В кабана полетели камни и палки, но ему уже не было выбора. Кто-то побежал за ружьем. Кабан выскочил на берег. Мутноглазый парень без шапки хотел ударить его палкой. Кабан фыркнул и, свалив парня с ног, ринулся в толпу.
— У… у… ух!.. Ай-яй!..
Толпа раздалась, и разъяренный зверь с хрюканьем промчался мимо. Несколько человек с визгом понеслись вдогонку.
Жмыхов размышлял: 'Фанзу Кима вода не достанет, фанзу у Тигровой пади — тоже, Неретину заимку — тоже… Холмов в пади много, на холмах лепятся люди, как мыши.
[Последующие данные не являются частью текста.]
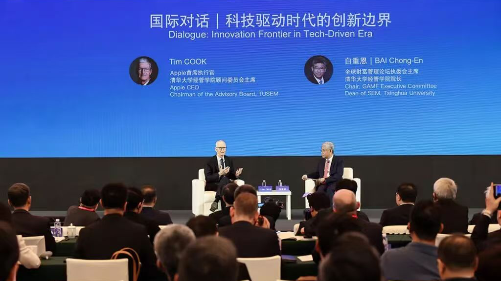 2025年10月18日,全球财富管理论坛·2025上海苏河湾大会在上海展览中心拉开帷幕。在”国际对话“环节,苹果公司首席执行官、清华大学经济管理学院顾问委员会主席蒂姆·库克(Tim Cook)与全球财富管理论坛执委会主席、清华大学文科资深教授、清华大学经济管理学院院长、清华大学全球共同发展研究院执行院长白重恩展开对话,围绕人工智能、技术变革等话题进行深度交流。苹果公司首席执行官、清华经管学院顾问委员会主席蒂姆·库克与...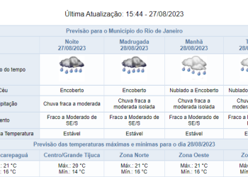 Noticias 27 de agosto de 2023 Chuva segue no Rio neste domingo (27/08). Confira como fica a previsão até quinta-feira (31/08)

Часов через пять многие холмы зальет… Надо перевозить людей с холмов к обеим фанзам и на Неретину заимку… В деревню возить далеко…'
— Стой-ка сынок! — ухватил он под руку бежавшего мимо Гаврюшку. — Найди Каню, заложите кобылу, везите сюда лодку. Мою лодку. Знаешь?.. 'Часа два помедлить — опоздаем. Многие потонут, ясное дело… Слякоть народ — тьфу!..'
Раздвинув толпу, черствой деловитой походкой прошел на берег Неретин.
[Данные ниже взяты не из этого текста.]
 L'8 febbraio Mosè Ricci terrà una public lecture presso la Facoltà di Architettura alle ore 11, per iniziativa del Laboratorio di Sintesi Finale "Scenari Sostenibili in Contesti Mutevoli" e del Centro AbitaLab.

— Слушай, Иван Кириллыч, — сказал Жмыхов, — в поле живого народа на холмах, как мышей в гнездах. Придумать бы што, а?
— Товарищи!.. — закричал Неретин во весь голос.
Людские головы вопросительно посмотрели в его сторону. Он вскочил на пень и, чувствуя какую-то необычную легкость во всем теле, раздельно и резко бросил два слова:
— Лодки давайте!..
Ответные голоса прозвучали растерянно.
— Каки наши лодки?.. Долбянки, душегубки…
— Нельзя по такой воде — верная гибель…
И все заволновались, виновато замахали руками.
— Нельзя… конечно… и рады бы…
— Где уж…
— Душегубки ведь…
Из толпы выскочил, даже не выскочил, а вышматнулся, как кусок звериного мяса из-под тигровой лапы, горбатый крепкорукий Антон Горовой. Шрам на его дрожащей щеке казался багровым ремнем, рычавший голос его был не человечьим, а звериным.
— Лодок нет?! У Копая двадцать шесть лодок! На-кось выкуси, — вон он смеется!..
Как по команде, все головы повернулись туда, куда указал трясущийся морщинистый палец Горового. На горке, криво улыбаясь, стоял лавочник Копай, а возле него побледневшие Барков, таксатор и мельник.
— Вот верно, — сказал чей-то удивительно спокойный голос. Стоящей в толпе Марине показалось, что это был голос Дегтярева.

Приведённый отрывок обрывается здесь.